{x}
blog image

Employees Earning More Than Their Managers

Table: Employee

+-------------+---------+
| Column Name | Type    |
+-------------+---------+
| id          | int     |
| name        | varchar |
| salary      | int     |
| managerId   | int     |
+-------------+---------+
id is the primary key (column with unique values) for this table.
Each row of this table indicates the ID of an employee, their name, salary, and the ID of their manager.

 

Write a solution to find the employees who earn more than their managers.

Return the result table in any order.

The result format is in the following example.

 

Example 1:

Input: 
Employee table:
+----+-------+--------+-----------+
| id | name  | salary | managerId |
+----+-------+--------+-----------+
| 1  | Joe   | 70000  | 3         |
| 2  | Henry | 80000  | 4         |
| 3  | Sam   | 60000  | Null      |
| 4  | Max   | 90000  | Null      |
+----+-------+--------+-----------+
Output: 
+----------+
| Employee |
+----------+
| Joe      |
+----------+
Explanation: Joe is the only employee who earns more than his manager.

Solution Explanation for Employees Earning More Than Their Managers

This problem requires identifying employees who earn more than their respective managers. The most efficient approach involves using a self-join on the Employee table.

Approach: Self-Join and Filtering

  1. Self-Join: We perform a self-join of the Employee table with itself. This creates a new table where each row combines an employee's information with their manager's information. The join condition is e1.managerId = e2.id, where e1 represents the employee and e2 represents their manager.

  2. Filtering: After the join, we filter the resulting table to include only rows where the employee's salary (e1.salary) is greater than their manager's salary (e2.salary).

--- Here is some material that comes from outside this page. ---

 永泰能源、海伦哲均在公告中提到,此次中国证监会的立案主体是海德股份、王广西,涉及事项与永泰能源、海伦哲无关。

  3. Result: Finally, we select the employee's name (e1.name) as the output, giving us a list of employees earning more than their managers.

Time Complexity Analysis

The self-join operation dominates the time complexity. A self-join, in the worst case, has a time complexity of O(N^2), where N is the number of rows in the Employee table. However, if the database utilizes efficient indexing (such as an index on managerId and id), the join's performance will be significantly improved, closer to O(N log N) or even O(N) in many practical scenarios. The subsequent filtering step has a linear time complexity, O(N), relative to the number of rows after the join.

Space Complexity Analysis

The space complexity is primarily determined by the size of the intermediate table created by the self-join. In the worst-case scenario (without efficient indexing), this could be proportional to N^2, but with proper indexing, it remains closer to O(N). The space for the final result is linearly proportional to the number of employees satisfying the condition, which is at most O(N).

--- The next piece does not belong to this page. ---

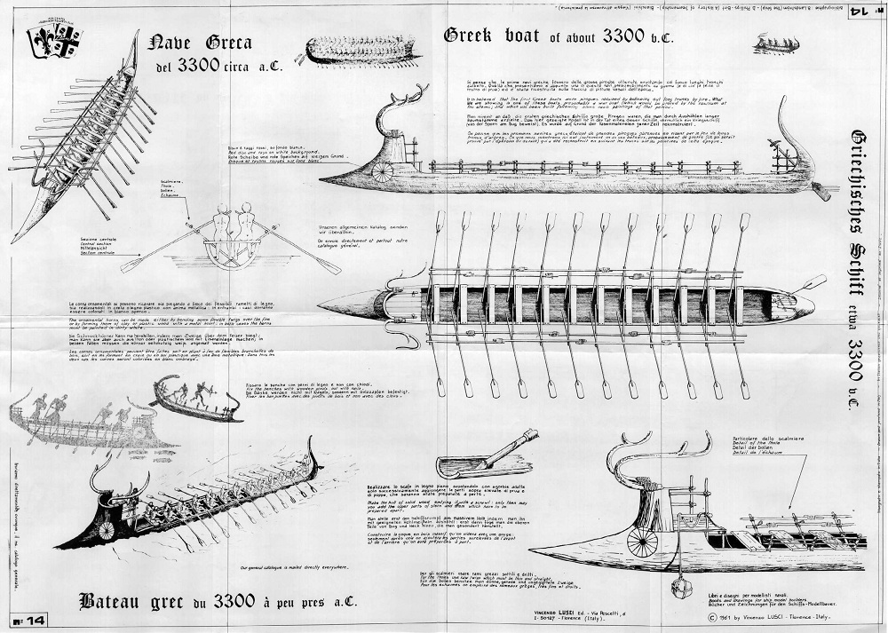 Представленный чертёж реконструирует один из самых ранних известных гребных военных кораблей Эгейского региона. Эта древнегреческая лодка, датируемая приблизительно 3300 годом до н. э., относится к переходному периоду, когда примитивные речные и прибрежные суда начали превращаться в более развитые боевые и транспортные корабли.

Code Implementation (MySQL)

SELECT e1.name AS Employee
FROM Employee e1
JOIN Employee e2 ON e1.managerId = e2.id
WHERE e1.salary > e2.salary;

This SQL query directly implements the steps described above. e1 aliases the Employee table to represent the employee, and e2 aliases it to represent the manager. The JOIN clause connects them based on the managerId and id columns. The WHERE clause filters based on salary. The AS Employee renames the output column for clarity.

Code Implementation (Python with Pandas)

import pandas as pd
 
def find_employees(employee: pd.DataFrame) -> pd.DataFrame:
    merged = employee.merge(
        employee, left_on="managerId", right_on="id", suffixes=("", "_manager")
    )
    result = merged[merged["salary"] > merged["salary_manager"]][["name"]]
    result.columns = ["Employee"]
    return result
 

This Python code uses the Pandas library for data manipulation. employee.merge() performs the self-join similar to the SQL query. The subsequent filtering and column selection mirror the SQL approach. The function returns a Pandas DataFrame containing the names of employees satisfying the condition.

The Pandas approach is convenient for data analysis, but its efficiency depends on Pandas' internal optimizations, which can vary based on data size and system resources. For extremely large datasets, a database-optimized SQL solution is generally preferred for performance.